[Dataset items]
--- START ---

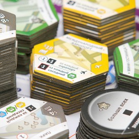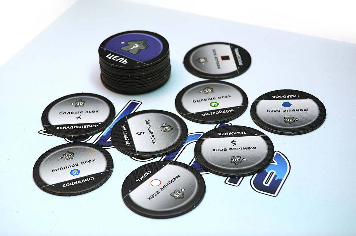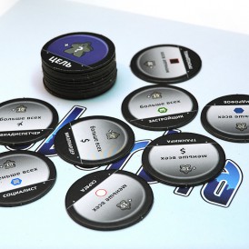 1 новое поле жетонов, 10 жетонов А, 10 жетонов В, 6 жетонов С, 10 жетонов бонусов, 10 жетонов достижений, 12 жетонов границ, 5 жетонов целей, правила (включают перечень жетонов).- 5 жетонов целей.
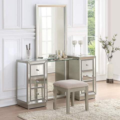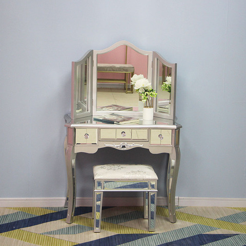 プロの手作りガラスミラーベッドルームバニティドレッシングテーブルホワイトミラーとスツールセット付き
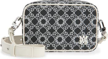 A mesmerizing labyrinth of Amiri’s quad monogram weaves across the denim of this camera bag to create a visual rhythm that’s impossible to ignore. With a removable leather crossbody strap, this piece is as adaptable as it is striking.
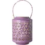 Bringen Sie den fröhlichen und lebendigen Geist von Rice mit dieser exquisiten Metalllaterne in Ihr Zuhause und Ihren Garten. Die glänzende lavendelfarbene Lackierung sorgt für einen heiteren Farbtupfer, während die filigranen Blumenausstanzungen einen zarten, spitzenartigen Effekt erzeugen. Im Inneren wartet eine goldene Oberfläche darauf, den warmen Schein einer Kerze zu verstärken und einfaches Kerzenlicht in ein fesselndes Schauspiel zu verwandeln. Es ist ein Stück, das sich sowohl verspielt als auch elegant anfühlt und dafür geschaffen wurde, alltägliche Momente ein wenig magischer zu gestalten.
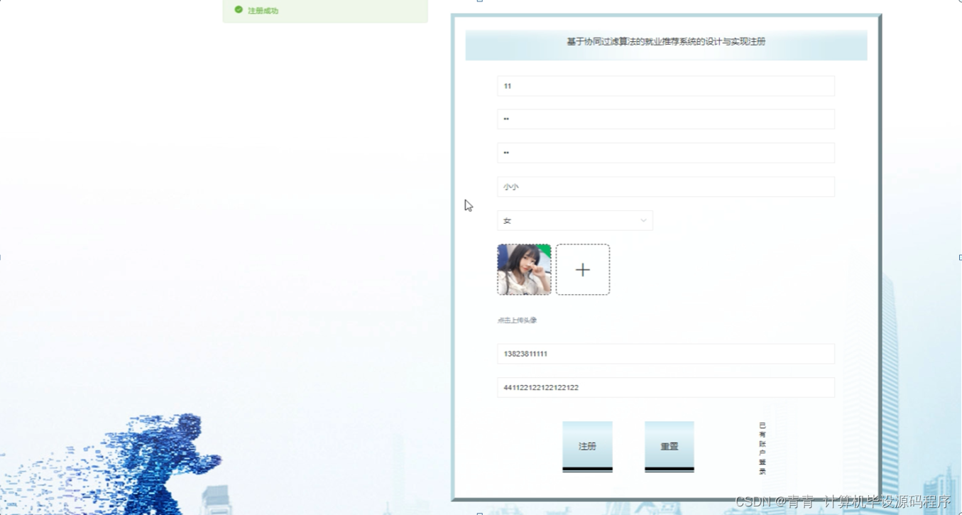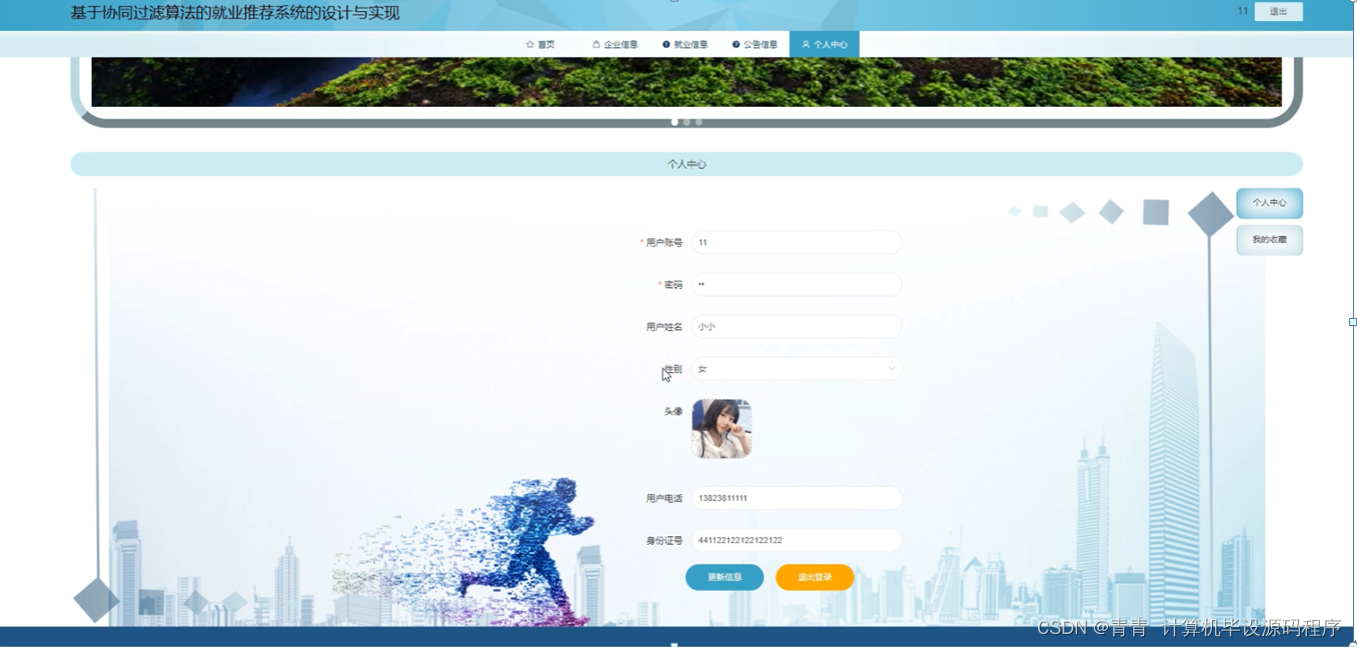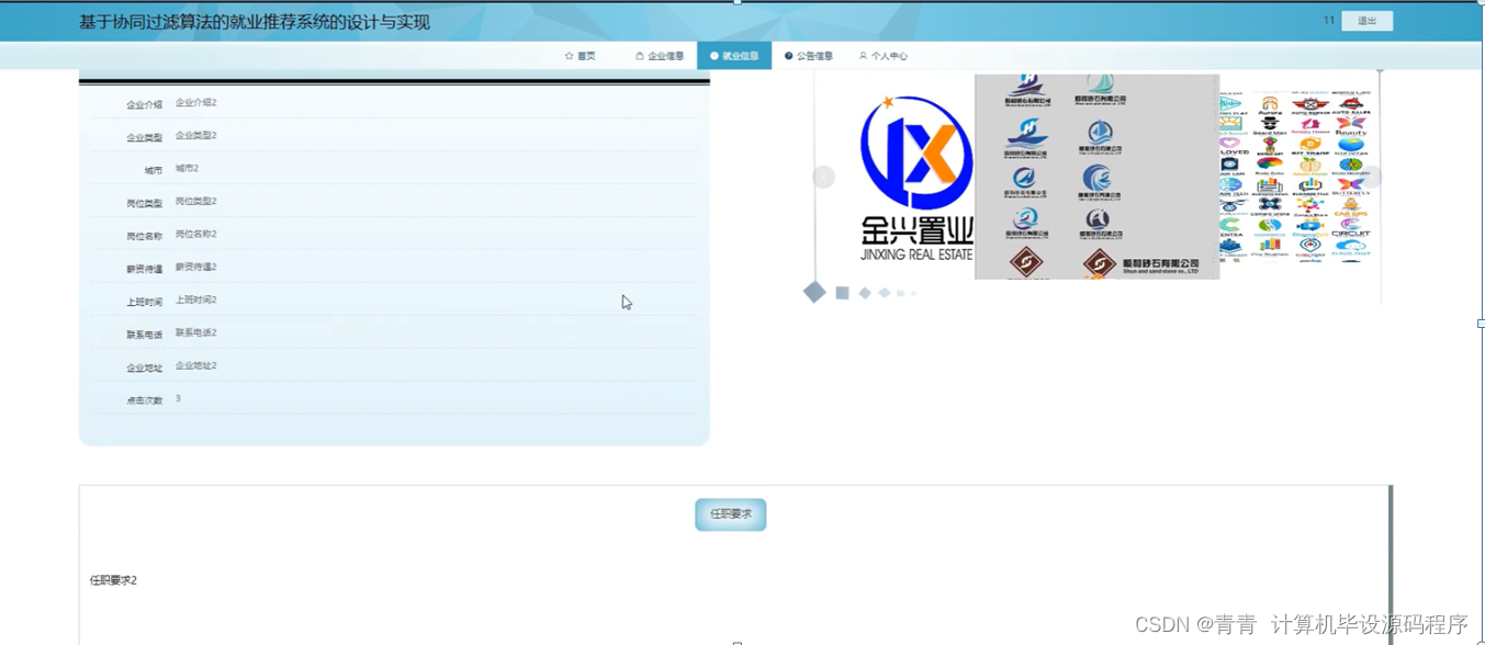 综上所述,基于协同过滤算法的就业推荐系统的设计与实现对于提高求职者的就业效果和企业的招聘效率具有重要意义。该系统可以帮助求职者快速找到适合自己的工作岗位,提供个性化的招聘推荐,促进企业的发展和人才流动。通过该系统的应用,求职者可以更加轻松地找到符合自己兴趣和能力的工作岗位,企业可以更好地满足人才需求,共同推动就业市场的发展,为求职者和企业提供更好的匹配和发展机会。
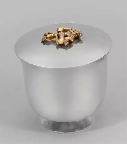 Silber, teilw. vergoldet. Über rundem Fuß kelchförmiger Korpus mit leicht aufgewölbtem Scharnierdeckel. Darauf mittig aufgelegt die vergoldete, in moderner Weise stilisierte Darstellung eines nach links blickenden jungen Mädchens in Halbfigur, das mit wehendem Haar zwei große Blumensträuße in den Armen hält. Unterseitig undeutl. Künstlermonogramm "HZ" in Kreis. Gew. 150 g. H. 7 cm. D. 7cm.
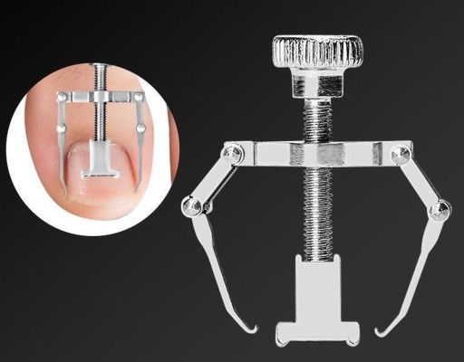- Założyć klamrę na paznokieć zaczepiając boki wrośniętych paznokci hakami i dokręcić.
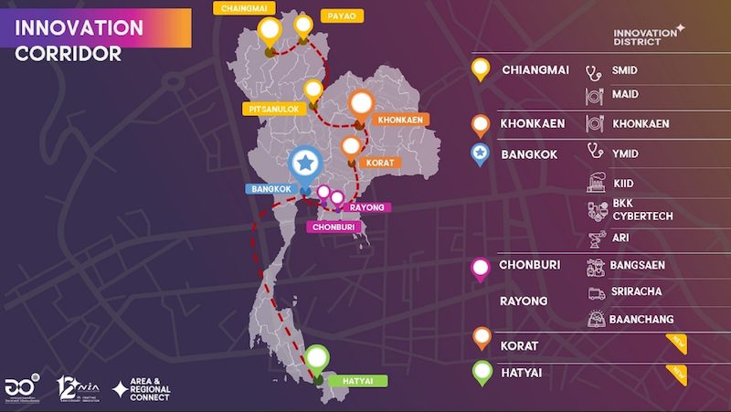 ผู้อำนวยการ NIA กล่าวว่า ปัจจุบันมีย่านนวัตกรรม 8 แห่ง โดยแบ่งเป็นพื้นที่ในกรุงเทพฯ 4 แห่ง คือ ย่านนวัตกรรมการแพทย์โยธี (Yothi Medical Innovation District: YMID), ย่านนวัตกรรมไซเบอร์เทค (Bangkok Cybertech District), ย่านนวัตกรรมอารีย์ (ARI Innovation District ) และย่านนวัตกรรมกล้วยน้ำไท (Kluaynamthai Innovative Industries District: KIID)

--- END ---

Problem requirements
Where a picture appears, omit it; otherwise reproduce each line above from the first to the one with "A mesmerizing labyrinth", inclusive.

Task solution
 1 новое поле жетонов, 10 жетонов А, 10 жетонов В, 6 жетонов С, 10 жетонов бонусов, 10 жетонов достижений, 12 жетонов границ, 5 жетонов целей, правила (включают перечень жетонов).- 5 жетонов целей.
 プロの手作りガラスミラーベッドルームバニティドレッシングテーブルホワイトミラーとスツールセット付き
 A mesmerizing labyrinth of Amiri’s quad monogram weaves across the denim of this camera bag to create a visual rhythm that’s impossible to ignore. With a removable leather crossbody strap, this piece is as adaptable as it is striking.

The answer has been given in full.